Frequently asked questions

What is the transposition deadline for the EU Pay Transparency Directive?

Member States must bring the necessary laws into force by 7 June 2026 (Article 34). National rules apply from that point, subject to each country's implementing legislation.

Do the pay transparency rules apply to small companies?

The hiring-stage rules (salary range disclosure, ban on asking pay history) and the worker right-to-information apply regardless of employer size. However, gender pay gap reporting obligations only apply to employers with 100 or more workers, phased by size.

Can an employer ask a job applicant about their current or previous salary?

No. Under Article 5, employers may not ask applicants about their pay history in current or previous employment. Applicants are also entitled to know the initial pay or pay range for the role before the process advances.

What happens if a gender pay gap of more than 5% is found?

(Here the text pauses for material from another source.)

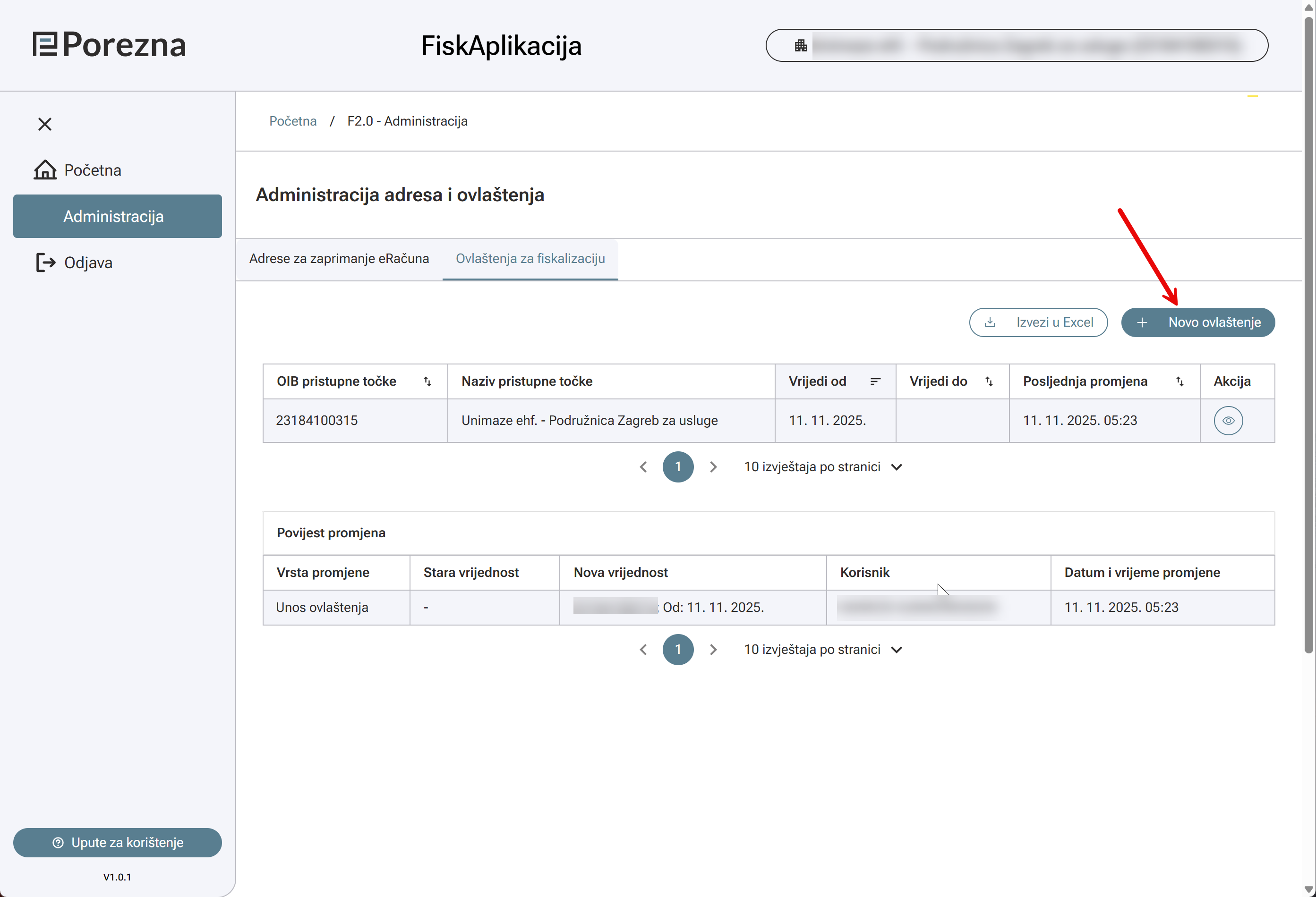 In there, click the option Novo ovlaštene (new authorization). This will open a dialog.

If an unjustified gap of at least 5% exists in any worker category and is not remedied within six months of reporting, the employer must conduct a joint pay assessment with workers' representatives and take remedial measures (Article 10).

How does the burden of proof work in equal pay claims?

Article 18 shifts the burden to the employer: once a worker shows facts suggesting discrimination, the employer must prove none occurred. The burden also shifts if the employer breached its transparency obligations, unless the breach was manifestly unintentional and minor.

When do the first gender pay gap reports have to be submitted?

Employers with 250+ workers and those with 150–249 workers must submit their first report by 7 June 2027. Employers with 100–149 workers have until 7 June 2031, then report every three years.